Sally Arnup FRBS ARCA

One of the images shown here is The Duke of Edinburgh’s Fell Pony ‘Storm’ commissioned for His Royal Highness’s 80th Birthday. This goes only a small way to demonstrating the immense talent that is Sally Arnup.

“It is no mean achievement to be able to convey the character,  and characteristics,  of individual animals in bronze. Sally Arnup has a wealth of experience in the sculpture of animals,  and she also has the talent to capture their personality. her speciality may not conform to the contemporary fashion for abstract art,  but her style is nonetheless unique and timeless” His Royal Highness The Duke of Edinburgh.

“I first met Sally at the Royal College of Art,  Sculpture School in 1956.  After two years National Service,  I arrived there desperate to pick up where I had left off,  before those most interesting army experiences. I wanted to get on with the business of making sculpture. I relished the atmosphere that prevailed at the College then,  under the leadership of John Skeaping.  Sally was a fellow student,  one of a group who had already made serious decisions about their preferred subject matter and mode of working.

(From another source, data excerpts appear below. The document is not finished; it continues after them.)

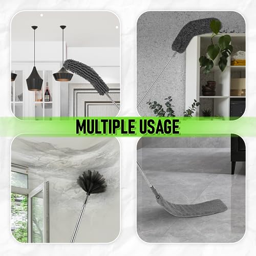 - Versatile and Practical: Our multi-purpose dusting kit is a match made in heaven for any cleaning task. From walls to high ceilings, blinds to bookshelves, household appliances to lampshades, photo frames to offices, and even cars and trucks – this kit handles it all. Experience the convenience of having one comprehensive cleaning solution for your entire home and beyond.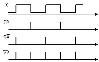 Відмінною особливістю асинхронних тригерів є те, що запис інформації у них здійснюється безпосередньо з надходженням інформаційного сигналу (або сигналів), що подано на інформаційний вхід (або входи) тригера. У синхронного тригера, крім інформаційного, є так званий тактовий (синхронізуючий) вхід для тактових імпульсів, які дають дозвіл на запис інформації. Асинхронні тригери застосовуються у колах керування, а також як складова частина більш складних тригерів. Синхронні тригери реагують на інформаційні сигнали тільки при наявності тактових (синхронізуючих) сигналів. Вони мають найбільше застосування у ЦТ, бо особливість їх роботи забезпечує відсутність таких негативних явиш у колах цифрових сигналів, як “гонки”. Розрізняють два типи цифрових сигналів, часові параметри яких здатні змінити стан тригера: потенціальні та імпульсні (рис.5.3). Потенціальні сигнали
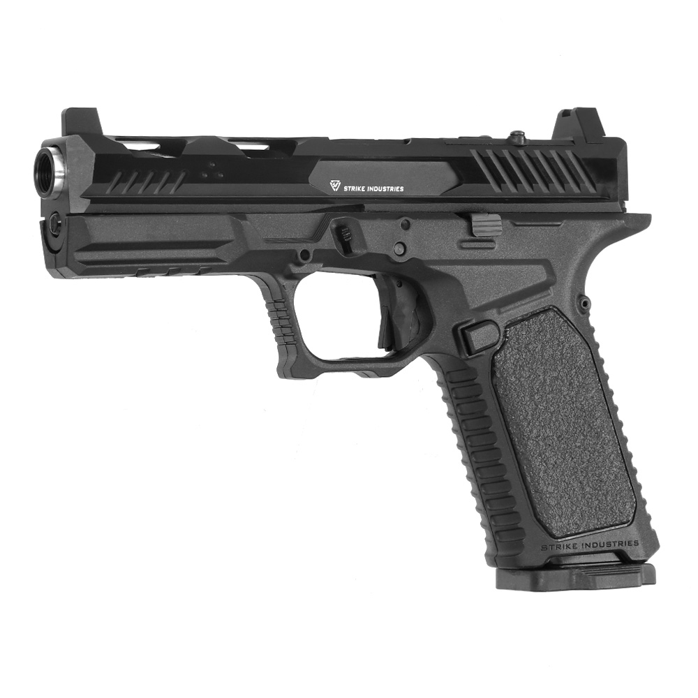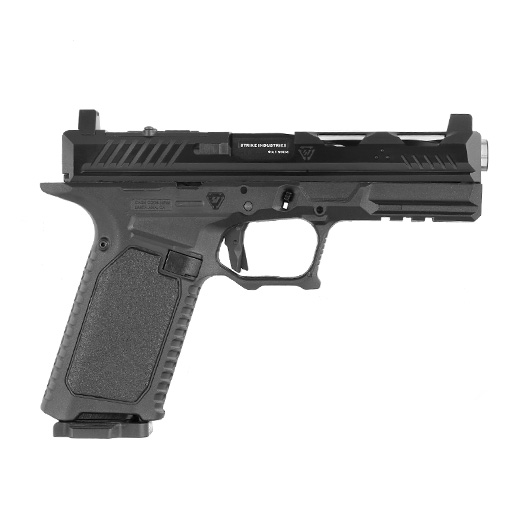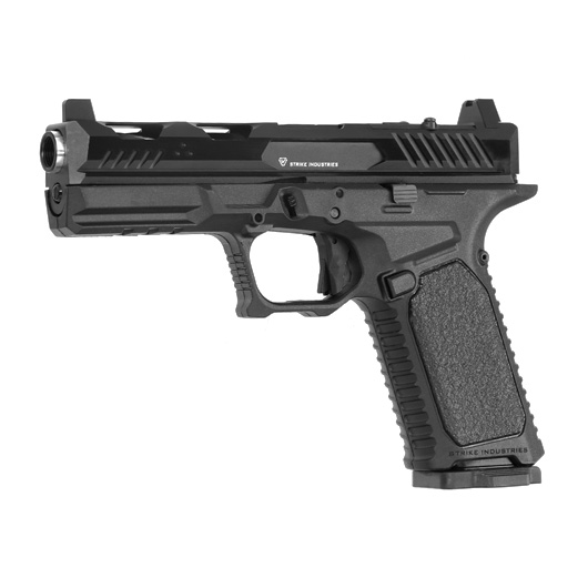 Der moderne Rahmen der Pistole ist authentisch aus Polymer-Verbundkunststoff gefertigt und kommt im lizenzierten Strike Industries Strike 80 C Design. Dank der ergonomischen Formgebung mit rutschhemmenden Strukturierungen im Griffbereich lässt sich die Pistole sehr gut halten. Um Magazinwechsel schnell durchführen zu können, ist die Bodenplatte des Magazins extra breit gestaltet. Eine taktische Underbarrel-Schiene im 21mm Format sorgt für zusätzliche Montagemöglichkeiten. Beide Visiere sind mit weißen Punkten hinterlegt und kommen im erhöhten Design. Hierdurch können die Visiere auch mit einem montierten Silencer weiterverwendet werden. Für die Montage eines Silencers wird noch ein Adapter - z. B. unsere Art.-Nr.: 492411 - benötigt.

This stance I admired because my two years away from any art school atmosphere had helped me to make the same kind of decision.  Curiously,  despite the art world being in a state of flux and confusion,  we both made the choice to working directly from the world as we saw and experienced it.  In Sally’s case her decision was to make the animal world her primary subject,  and soon after the RCA,  was to become firmly established as our leading animalier, with a growing national and international reputation.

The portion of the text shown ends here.